WUTB
- Baltimore, Maryland; United States;
- Channels: Digital: 26 (UHF), shared with WBFF; Virtual: 24;

Programming
- Affiliations: 24.1: Roar

Ownership
- Owner: Sinclair Broadcast Group; (Chesapeake Television Licensee, LLC);
- Sister stations: WBFF, WNUV

History
- First air date: December 24, 1985
- Former call signs: WKJL-TV (1985–1987); WHSW (1987–1992); WHSW-TV (1992–1998);
- Former channel numbers: Analog: 24 (UHF, 1985–2009); Digital: 41 (UHF, 2000–2018), 46 (UHF, 2018–2020);
- Former affiliations: Religious ind. (1985–1987); HSN (1986–1998); UPN (1998–2006); MyNetworkTV (2006–2021);
- Call sign meaning: United Television Baltimore

Technical information
- Licensing authority: FCC
- Facility ID: 60552
- ERP: 420 kW
- HAAT: 372.8 m (1,223 ft)
- Transmitter coordinates: 39°20′10.4″N 76°38′57.9″W﻿ / ﻿39.336222°N 76.649417°W

Links
- Public license information: Public file; LMS;

= WUTB =

Television station in Baltimore

WUTB (channel 24) is a television station in Baltimore, Maryland, United States, airing programming from the digital multicast network Roar. It is owned and operated by Sinclair Broadcast Group alongside Fox/MyNetworkTV affiliate WBFF (channel 45) and co-managed with CW affiliate WNUV (channel 54). The stations share studios on 41st Street off the Jones Falls Expressway in the Woodberry neighborhood of north Baltimore. Through a channel sharing agreement, WUTB and WBFF transmit using the latter station's spectrum from an antenna adjacent to the studios.

==History==
===Prior history of channel 24 in Baltimore===

The channel 24 allocation in Baltimore was originally occupied by WMET-TV, which began broadcasting on March 1, 1967, as the first UHF station in Baltimore and the city's fourth. It was a low-budget and low-powered station that was sister to WOOK-TV/WFAN-TV in Washington, D.C. Both stations were owned by United Broadcasting Company. The original channel 24 was headquartered in the former Avalon Theatre on Park Heights Avenue. In 1972, both stations ceased broadcasting due to financial difficulties.

===As WKJL/WHSW===
In February 1977, Jesus Lives, Inc., whose president hosted a syndicated talk show of the same name, applied to build a new station on channel 24. The firm promised to use the station "as a tool to spread the Gospel of Jesus Christ". A competing applicant, Buford Television of Maryland, eyed the station for possible use to transmit subscription television. Jesus Lives ended the comparative hearing in December 1980 by buying out Buford Television's bid.

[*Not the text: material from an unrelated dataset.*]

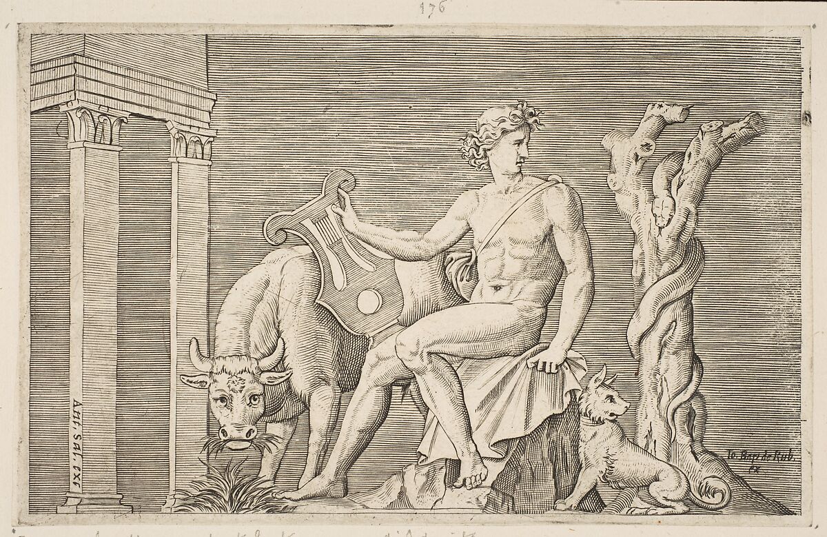 - Title: Apollo tending the flocks of Admetus, Apollo seated holding a lyre and flanked by a cow and a dog, a serpent winding around a dead tree at right

The construction of WKJL-TV went very slowly. The founder, Rev. Philip Zampino, moved to Florida, and the license fight had saddled Jesus Lives with legal fees. By 1982, the station project a late 1984 launch. $75,000 had been raised to purchase and prepare a site in the Randallstown area, of $100,000 needed. However, fundraising continued to lag, and so too did construction activities. Jesus Lives, which renamed itself Look and Live Ministries, accepted a $100,000 loan from Liberty Baptist College (now Liberty University), owned by Jerry Falwell, in late 1984 to accelerate the process. Right before going on air, Look and Live agreed to sell the station to Family Media Inc., a subsidiary of Christian publishing company Thomas Nelson.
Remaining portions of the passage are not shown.